FIFTY-EIGHT YEARS AGO TODAY, JFK TELLS AMERICANS OF SOVIET NUCLEAR ARMS IN CUBA

On October 22, 1962, President John F. Kennedy went on national television to tell the American people they were in the gravest possible danger imaginable.

A photo of JFK right before the cameras go live, October 22, 1962.
President Kennedy prepares to go live on October 22, 1962.

The Cold War that commenced in 1947, and persisted throughout the 1950s, had gotten even colder after the Soviets shot down an American U-2 spy plane over the USSR and captured its pilot in 1960. A year later, the Berlin Wall went up in Germany and the failed Bay of Pigs Invasion went down in Cuba, adding to the tensions.

Then, the Soviets severely upped the ante when they stationed missiles, capable of carrying nuclear weapons, in Cuba in mid-October 1962.

Of course, Soviet Premier Nikita Khruschev denied the weaponry’s existence; but, the United States had proof – photos taken by a U-2 plane, just like the one the Soviets shot down two years earlier.

Consequently, when the Soviets positioned themselves to attack America from just 90 miles away, it became a test of wills between Kennedy and Khruschev as they played the most dangerous chess game imaginable, with millions of lives at stake and possibility of World War III looming.

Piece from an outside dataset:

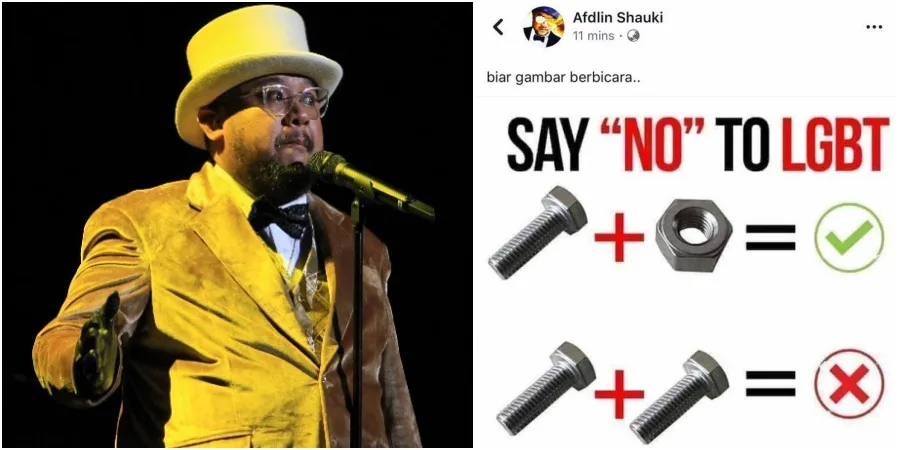 Local comedian Afdlin Shauki was under fire yesterday for posting a distasteful post on Facebook regarding LGBT with the caption, “Let the photo speak for itself”.

Kennedy took to the airwaves on October 22, 1962, to brace Americans for the worst.  He invoked the Monroe Doctrine, which President Monroe established in 1823 proclaiming that America would respond to any intervention by a European power, considering it an act of aggression.

Cuban launch site under construction.
Cuban launch site under construction.

He demanded that Khruschev turn back Soviet ships to Cuba, to remove Soviet armaments from Cuba immediately. He ordered a naval blockade of Cuba, telling the world the U.S. would use military force if necessary to prevent “a clandestine, reckless, and provocative threat to world peace.”

It was no idle threat. The U.S. kept B-52s carrying nuclear warheads in the air at all times. If the Soviets made a move to attack, the Kremlin and all around it faced obliteration. The nuclear war the world feared would become a reality.

On October 28, a B-52 from Castle Air Force Base in Atwater carried Mark-VI nuclear weapons in its bomb bay as it refueled in mid-air over the Atlantic Ocean and again over Greenland, destination Moscow.

Pete Komlenich of Merced, a former POW held by the Nazis during World War II, was the plane’s radar man-bombardier. He controlled the four bombs that would have started World War III, he said in 2007. He and his crewmates awaited the order to attack, and was prepared to do so.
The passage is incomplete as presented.